A second concern is that the level of similarity used to define gene families affects the size of families, and stricter criteria result in more apparent extinctions and creations of entire families [31]. Conversely, allowing gene families to include highly-diverged members will necessarily result in larger families and fewer extinctions and creations. While there is no one accepted similarity criterion for the definition of gene families, differences in the relative numbers of creations and extinctions among lineages (as well as single gene gains and losses) should not be affected by the definition used. Indeed, the number of creations and extinctions are highly correlated across similarity thresholds (r = 0.995, P = 0.0004). Our results provide evidence for a high number of extinctions and creations of whole gene families, no matter how families are defined. We expect that commensurately many of both types of events will be found in future analyses, regardless of the exact definitions of gene families.

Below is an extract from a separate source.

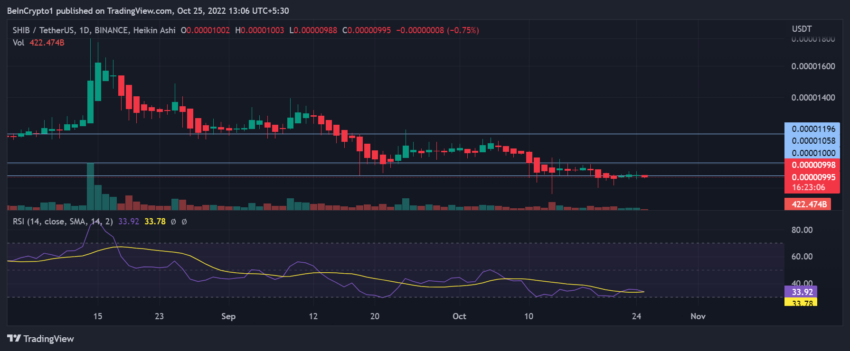 В случае бычьего разворота коин может нацелиться на отметку $0.0000110.

Because our analyses attempt to give a genome-wide perspective on gene family evolution, the precision of genic divergence estimates will necessarily reflect the accuracy of the underlying genome sequences and annotations. In the interest of transparency, we use widely-accepted and freely-accessible genome annotations as the foundation for our analyses [26]. In most cases sequencing and annotation errors are likely to inflate estimates of change; however, the simple method we have used to count differences in gene number is fundamentally conservative because we are unable to account for instances where both gains and losses occur within a family along the same branch of the tree. Careful individual analysis of each gene family is sure to increase the number of both gains and losses on every branch of the tree.

Although alignment of orthologous genomic regions has shown that there is less than 2% divergence between humans and chimpanzees at the nucleotide level [1], these analyses perforce do not consider unalignable or ambiguously-aligned regions [8]. In contrast, our results demonstrate that humans and chimpanzees differ by ∼6% at the level of gene complement. Though recent work has focused on distinguishing amino acid changes from regulatory changes as the major determinants of human evolution [55], we have shown here that the similarity in total gene number between humans and our closest relatives has masked the gain and loss of genes as a fertile source of adaptive change.

Materials and Methods

Data collection

Gene families were assembled by the Ensembl project [26] (version 41 – October 2006; www.ensembl.org) using the MCL algorithm. Briefly, MCL uses a Markov clustering algorithm to cluster proteins into families by simultaneous analysis of sequence similarities among all genes in all taxa. The approach overcomes many of the difficulties that arise when attempting pair-wise clustering of proteins with complex domain structures [30]. Furthermore, because clustering proceeds irrespective of the species-of-origin, the resulting assignments represent an objective measure of the number of genes in each family, for each species. We assembled a matrix of gene family sizes for: Canis familiaris (dog), Rattus norvegicus (rat), Mus musculus (mouse), Pan troglodytes (chimp), and Homo sapiens (human), for analysis of mammalian gene family evolution. We included only the longest isoform of each gene in our analysis.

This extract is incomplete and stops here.